◆ **Exercise description**:
Output only the lines below from the one holding "Lille antik øse" down to the one holding "BambooHRからユーザー", both end lines included and every picture dropped.

Dataset items
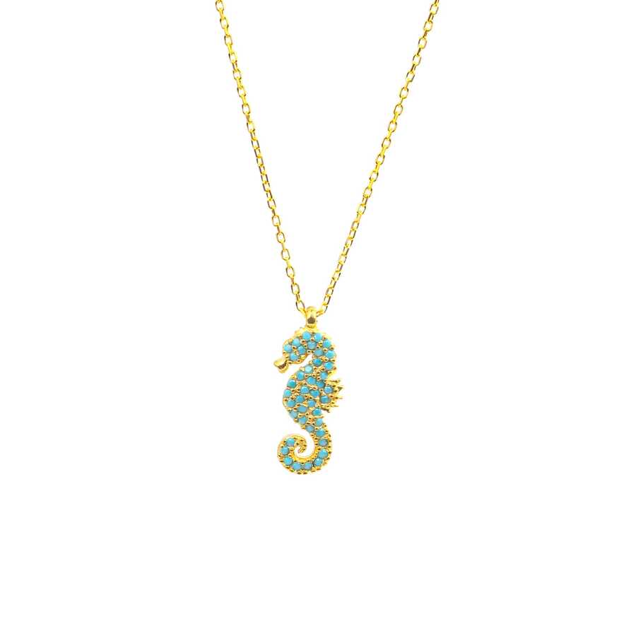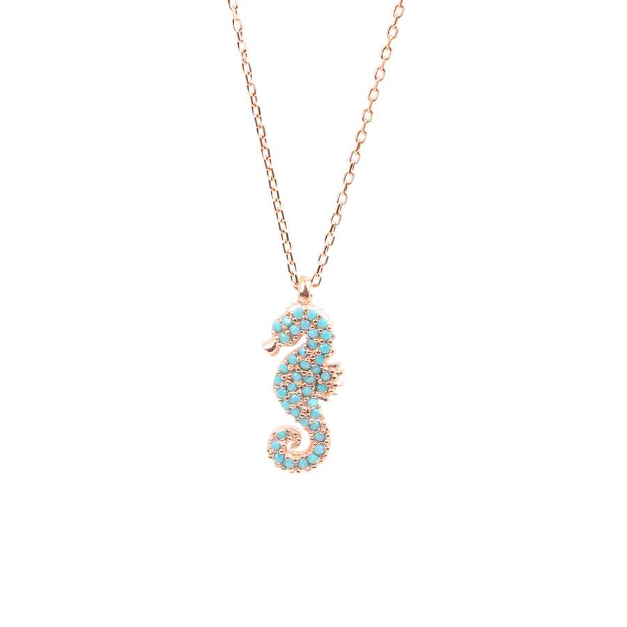 925 Ayar Gümüş Turkuaz Taşlı Deniz Atı Kolye
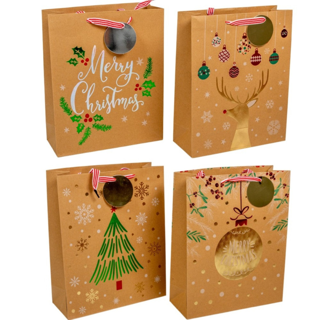 Ajándék tasak kari mintával kraft 32x26cm
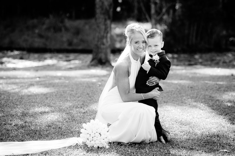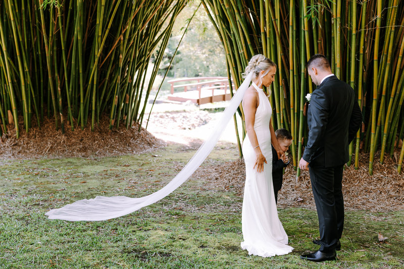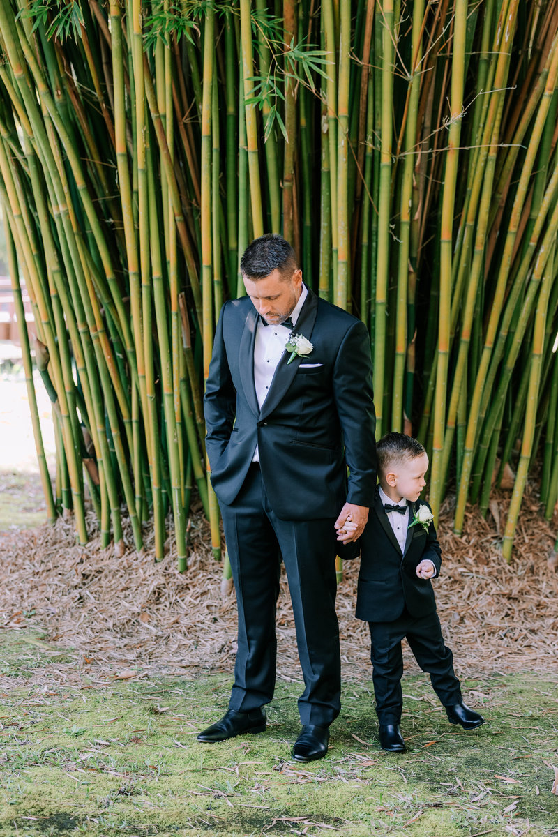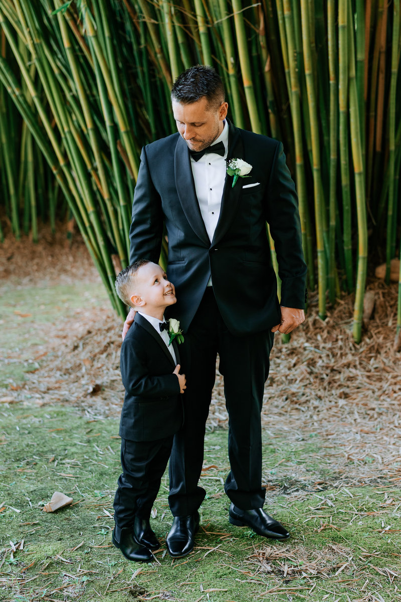 Groom portrait at our secret garden groom hugging four year old son at ceremony black and white portrait of groom and son in front of bamboo groom with parents
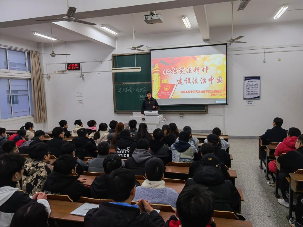 12月2日下午,在国家宪法日即将到来,为普及宪法知识,加强法治教育,着力提升班级班会的重要作用,伟德国际bevictor1946在文通楼303教室召开题为“弘扬宪法精神,建设法治中国”的宪法教育主题公开示范班会。本次班会由机械192班组织开展,公司党委副书记高勇、全体辅导员、部分班主任、各班级班长、团支书和员工代表到场观摩学习,班会由机械192班班长黄禹涵同学主持。
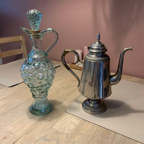 Lille antik øse eller flødekande i sølvplet m. træhåndtag
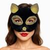 - Siyah süet ve gold simlerle süslenmiş sevimli bir kedi maskesi tasarımı.
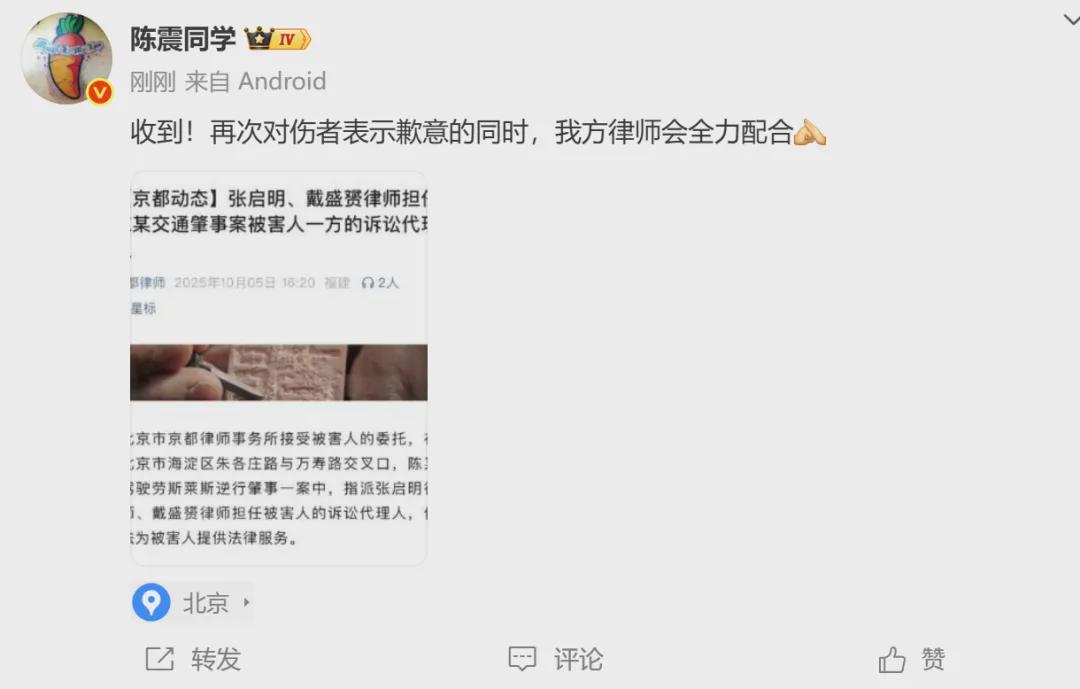 陈震发文回应:再次对伤者表示歉意的同时,我方律师会全力配合。
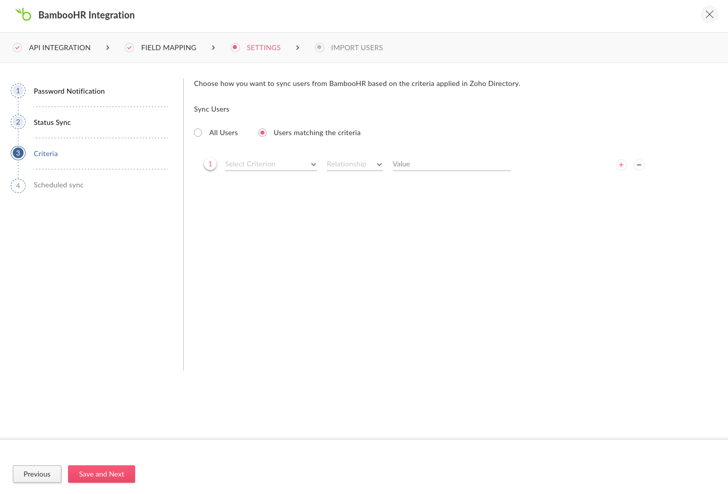BambooHRからユーザーをどのように同期するかを選択します。すべてのユーザーを同期することも、一部のユーザーのみをZoho Directory内の条件に基づいて同期することも可能です。カスタム属性を使って条件を設定できます。必要に応じて複数の条件を設定することもできます。
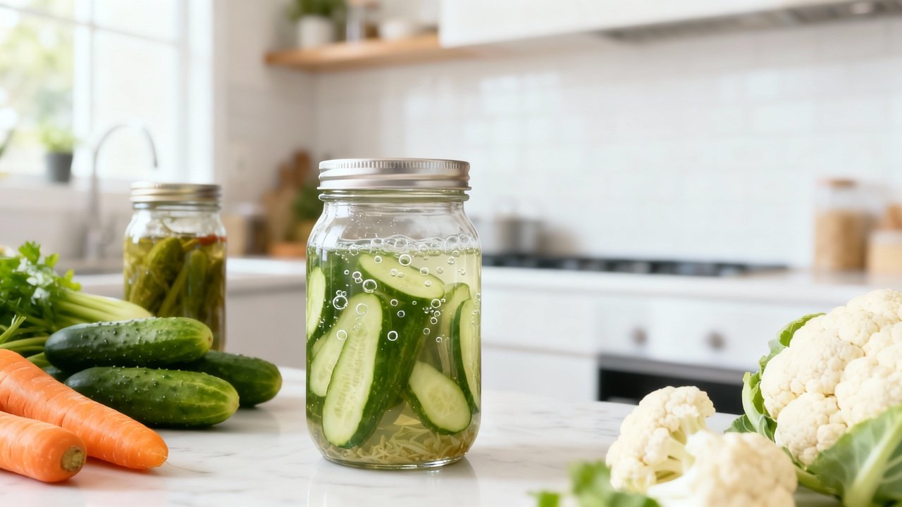 A palavra-chave central aqui é picles fermentado, um alimento que passa por um processo natural de fermentação em salmoura. Nesse método, vegetais como pepino, cenoura ou couve-flor são imersos em água com sal por um período específico, permitindo que microrganismos benéficos transformem açúcares em ácidos orgânicos, gerando o sabor característico e as bactérias probióticas.

◆ **Answer box**:
 Lille antik øse eller flødekande i sølvplet m. træhåndtag
 - Siyah süet ve gold simlerle süslenmiş sevimli bir kedi maskesi tasarımı.
 陈震发文回应:再次对伤者表示歉意的同时,我方律师会全力配合。
BambooHRからユーザーをどのように同期するかを選択します。すべてのユーザーを同期することも、一部のユーザーのみをZoho Directory内の条件に基づいて同期することも可能です。カスタム属性を使って条件を設定できます。必要に応じて複数の条件を設定することもできます。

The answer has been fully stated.